▶ **WHAT YOU HAVE TO DO**: Print exactly the lines below between the line holding "3月28日,開往德國杜伊斯堡" and the line holding "Battens are fastened", inclusive, and nothing more.

-- ENTRIES SUPPLIED follows --

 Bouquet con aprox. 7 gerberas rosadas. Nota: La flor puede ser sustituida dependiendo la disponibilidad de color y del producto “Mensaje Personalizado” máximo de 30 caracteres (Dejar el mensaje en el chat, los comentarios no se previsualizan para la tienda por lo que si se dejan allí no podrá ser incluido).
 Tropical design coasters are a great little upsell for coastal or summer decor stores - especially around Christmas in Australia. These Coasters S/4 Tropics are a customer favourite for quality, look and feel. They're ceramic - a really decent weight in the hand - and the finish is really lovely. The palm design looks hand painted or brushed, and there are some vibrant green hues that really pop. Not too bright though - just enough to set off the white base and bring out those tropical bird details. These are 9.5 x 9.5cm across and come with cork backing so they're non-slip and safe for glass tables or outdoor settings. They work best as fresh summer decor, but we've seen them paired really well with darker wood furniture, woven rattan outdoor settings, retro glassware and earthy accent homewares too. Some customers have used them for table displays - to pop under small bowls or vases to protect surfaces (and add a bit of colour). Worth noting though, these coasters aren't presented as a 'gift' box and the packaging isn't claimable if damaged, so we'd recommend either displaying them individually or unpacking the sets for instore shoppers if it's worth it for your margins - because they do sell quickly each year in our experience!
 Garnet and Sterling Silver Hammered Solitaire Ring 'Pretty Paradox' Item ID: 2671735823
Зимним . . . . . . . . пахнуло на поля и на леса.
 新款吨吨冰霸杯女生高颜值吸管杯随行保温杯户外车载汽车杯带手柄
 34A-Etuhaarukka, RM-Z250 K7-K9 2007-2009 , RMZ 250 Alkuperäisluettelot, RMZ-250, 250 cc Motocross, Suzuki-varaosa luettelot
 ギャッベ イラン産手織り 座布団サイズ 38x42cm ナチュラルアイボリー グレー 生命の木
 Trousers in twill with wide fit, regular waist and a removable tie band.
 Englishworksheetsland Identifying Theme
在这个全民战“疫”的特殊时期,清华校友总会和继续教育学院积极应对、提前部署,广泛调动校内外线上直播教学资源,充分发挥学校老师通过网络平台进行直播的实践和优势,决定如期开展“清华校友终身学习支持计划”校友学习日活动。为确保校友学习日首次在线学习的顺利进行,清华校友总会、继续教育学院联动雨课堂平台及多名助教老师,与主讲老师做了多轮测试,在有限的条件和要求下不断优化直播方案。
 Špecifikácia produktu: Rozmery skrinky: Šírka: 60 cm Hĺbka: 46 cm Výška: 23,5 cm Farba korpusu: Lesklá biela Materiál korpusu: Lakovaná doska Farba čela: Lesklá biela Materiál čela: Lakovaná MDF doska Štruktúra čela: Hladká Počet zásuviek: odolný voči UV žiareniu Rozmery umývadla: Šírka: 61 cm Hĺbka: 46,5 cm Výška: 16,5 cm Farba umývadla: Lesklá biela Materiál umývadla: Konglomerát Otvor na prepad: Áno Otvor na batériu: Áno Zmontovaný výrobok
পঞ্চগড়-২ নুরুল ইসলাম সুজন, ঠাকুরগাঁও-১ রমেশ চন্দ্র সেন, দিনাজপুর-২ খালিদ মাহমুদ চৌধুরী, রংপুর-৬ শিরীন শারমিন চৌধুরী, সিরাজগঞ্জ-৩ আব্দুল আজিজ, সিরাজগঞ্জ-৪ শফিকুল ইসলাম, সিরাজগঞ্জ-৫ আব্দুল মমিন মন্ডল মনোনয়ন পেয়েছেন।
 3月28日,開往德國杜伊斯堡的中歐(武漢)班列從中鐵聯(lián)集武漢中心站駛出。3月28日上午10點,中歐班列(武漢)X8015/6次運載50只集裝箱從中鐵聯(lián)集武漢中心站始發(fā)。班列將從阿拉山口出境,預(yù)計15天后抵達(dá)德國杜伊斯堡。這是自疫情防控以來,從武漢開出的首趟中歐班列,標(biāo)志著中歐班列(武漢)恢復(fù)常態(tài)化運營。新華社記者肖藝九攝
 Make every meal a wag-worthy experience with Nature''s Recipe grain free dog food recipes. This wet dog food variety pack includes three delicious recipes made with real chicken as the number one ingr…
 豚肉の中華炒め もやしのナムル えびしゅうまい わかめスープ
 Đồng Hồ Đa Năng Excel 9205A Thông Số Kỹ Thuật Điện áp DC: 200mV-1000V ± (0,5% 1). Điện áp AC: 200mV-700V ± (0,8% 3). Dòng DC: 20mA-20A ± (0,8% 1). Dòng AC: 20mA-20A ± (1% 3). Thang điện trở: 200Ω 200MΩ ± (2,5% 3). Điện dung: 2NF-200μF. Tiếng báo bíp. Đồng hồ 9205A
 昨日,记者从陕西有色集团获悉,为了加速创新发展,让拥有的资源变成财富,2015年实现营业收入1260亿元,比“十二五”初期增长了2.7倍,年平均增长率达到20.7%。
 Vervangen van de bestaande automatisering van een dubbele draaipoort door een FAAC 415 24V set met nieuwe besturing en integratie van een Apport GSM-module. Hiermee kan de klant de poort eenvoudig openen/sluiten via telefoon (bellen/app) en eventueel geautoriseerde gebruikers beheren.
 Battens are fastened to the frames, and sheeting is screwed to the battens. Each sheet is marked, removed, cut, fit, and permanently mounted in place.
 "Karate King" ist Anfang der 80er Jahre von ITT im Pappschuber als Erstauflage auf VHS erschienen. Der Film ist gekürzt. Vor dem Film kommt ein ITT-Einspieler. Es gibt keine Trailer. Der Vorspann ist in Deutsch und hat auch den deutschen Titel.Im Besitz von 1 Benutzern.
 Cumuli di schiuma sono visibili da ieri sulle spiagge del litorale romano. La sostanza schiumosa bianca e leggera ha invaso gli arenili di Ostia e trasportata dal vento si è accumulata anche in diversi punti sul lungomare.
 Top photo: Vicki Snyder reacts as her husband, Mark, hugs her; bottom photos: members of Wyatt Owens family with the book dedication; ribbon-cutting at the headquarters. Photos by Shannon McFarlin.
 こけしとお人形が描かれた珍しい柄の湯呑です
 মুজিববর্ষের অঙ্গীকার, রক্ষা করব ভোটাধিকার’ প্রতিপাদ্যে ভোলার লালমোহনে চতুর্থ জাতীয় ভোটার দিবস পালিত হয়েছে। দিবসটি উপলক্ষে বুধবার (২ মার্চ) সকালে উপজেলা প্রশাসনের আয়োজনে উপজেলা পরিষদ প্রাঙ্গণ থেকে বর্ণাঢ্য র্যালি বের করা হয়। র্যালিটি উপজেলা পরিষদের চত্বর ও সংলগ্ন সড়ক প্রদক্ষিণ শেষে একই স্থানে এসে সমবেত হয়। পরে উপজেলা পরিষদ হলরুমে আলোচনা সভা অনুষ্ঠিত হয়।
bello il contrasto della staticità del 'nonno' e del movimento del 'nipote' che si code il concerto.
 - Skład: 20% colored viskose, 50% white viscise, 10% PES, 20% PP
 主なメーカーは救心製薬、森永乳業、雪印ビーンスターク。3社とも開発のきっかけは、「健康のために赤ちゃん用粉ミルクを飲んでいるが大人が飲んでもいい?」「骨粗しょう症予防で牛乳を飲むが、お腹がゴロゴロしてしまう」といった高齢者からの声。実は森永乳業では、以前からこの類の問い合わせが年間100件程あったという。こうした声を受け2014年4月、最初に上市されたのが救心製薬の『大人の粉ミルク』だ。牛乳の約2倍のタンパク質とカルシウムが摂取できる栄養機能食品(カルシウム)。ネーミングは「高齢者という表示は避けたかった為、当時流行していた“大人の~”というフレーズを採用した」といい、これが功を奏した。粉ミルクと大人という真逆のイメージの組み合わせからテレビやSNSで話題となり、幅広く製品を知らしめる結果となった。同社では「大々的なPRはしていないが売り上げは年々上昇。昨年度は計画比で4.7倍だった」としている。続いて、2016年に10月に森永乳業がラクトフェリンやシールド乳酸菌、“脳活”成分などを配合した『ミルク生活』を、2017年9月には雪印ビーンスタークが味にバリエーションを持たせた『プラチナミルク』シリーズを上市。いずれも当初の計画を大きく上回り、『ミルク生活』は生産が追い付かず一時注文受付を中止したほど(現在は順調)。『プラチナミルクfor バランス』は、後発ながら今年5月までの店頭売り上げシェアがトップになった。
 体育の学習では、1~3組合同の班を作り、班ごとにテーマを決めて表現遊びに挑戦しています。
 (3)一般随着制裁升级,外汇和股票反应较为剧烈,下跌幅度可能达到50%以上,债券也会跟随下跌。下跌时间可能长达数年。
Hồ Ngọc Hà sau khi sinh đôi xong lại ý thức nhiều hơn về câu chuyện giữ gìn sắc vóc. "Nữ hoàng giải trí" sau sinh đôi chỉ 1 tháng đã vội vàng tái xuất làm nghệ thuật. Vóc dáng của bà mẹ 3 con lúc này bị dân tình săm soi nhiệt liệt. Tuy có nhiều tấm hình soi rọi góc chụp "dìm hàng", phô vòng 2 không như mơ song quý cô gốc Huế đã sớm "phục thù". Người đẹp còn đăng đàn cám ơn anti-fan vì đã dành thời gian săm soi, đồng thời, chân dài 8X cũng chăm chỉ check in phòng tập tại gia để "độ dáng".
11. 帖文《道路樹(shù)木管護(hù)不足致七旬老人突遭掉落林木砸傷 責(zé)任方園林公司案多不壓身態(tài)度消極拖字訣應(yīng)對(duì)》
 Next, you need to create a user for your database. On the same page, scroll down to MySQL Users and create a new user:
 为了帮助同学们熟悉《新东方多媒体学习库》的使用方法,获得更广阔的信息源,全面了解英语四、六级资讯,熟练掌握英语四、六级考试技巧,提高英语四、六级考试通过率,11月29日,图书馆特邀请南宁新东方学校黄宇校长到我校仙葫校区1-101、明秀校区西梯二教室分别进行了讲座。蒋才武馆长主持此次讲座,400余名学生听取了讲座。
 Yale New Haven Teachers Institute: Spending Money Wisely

-- ENTRIES SUPPLIED concluded --

▶ **OUTPUT OF THE TASK**:
 3月28日,開往德國杜伊斯堡的中歐(武漢)班列從中鐵聯(lián)集武漢中心站駛出。3月28日上午10點,中歐班列(武漢)X8015/6次運載50只集裝箱從中鐵聯(lián)集武漢中心站始發(fā)。班列將從阿拉山口出境,預(yù)計15天后抵達(dá)德國杜伊斯堡。這是自疫情防控以來,從武漢開出的首趟中歐班列,標(biāo)志著中歐班列(武漢)恢復(fù)常態(tài)化運營。新華社記者肖藝九攝
 Make every meal a wag-worthy experience with Nature''s Recipe grain free dog food recipes. This wet dog food variety pack includes three delicious recipes made with real chicken as the number one ingr…
 豚肉の中華炒め もやしのナムル えびしゅうまい わかめスープ
 Đồng Hồ Đa Năng Excel 9205A Thông Số Kỹ Thuật Điện áp DC: 200mV-1000V ± (0,5% 1). Điện áp AC: 200mV-700V ± (0,8% 3). Dòng DC: 20mA-20A ± (0,8% 1). Dòng AC: 20mA-20A ± (1% 3). Thang điện trở: 200Ω 200MΩ ± (2,5% 3). Điện dung: 2NF-200μF. Tiếng báo bíp. Đồng hồ 9205A
 昨日,记者从陕西有色集团获悉,为了加速创新发展,让拥有的资源变成财富,2015年实现营业收入1260亿元,比“十二五”初期增长了2.7倍,年平均增长率达到20.7%。
 Vervangen van de bestaande automatisering van een dubbele draaipoort door een FAAC 415 24V set met nieuwe besturing en integratie van een Apport GSM-module. Hiermee kan de klant de poort eenvoudig openen/sluiten via telefoon (bellen/app) en eventueel geautoriseerde gebruikers beheren.
 Battens are fastened to the frames, and sheeting is screwed to the battens. Each sheet is marked, removed, cut, fit, and permanently mounted in place.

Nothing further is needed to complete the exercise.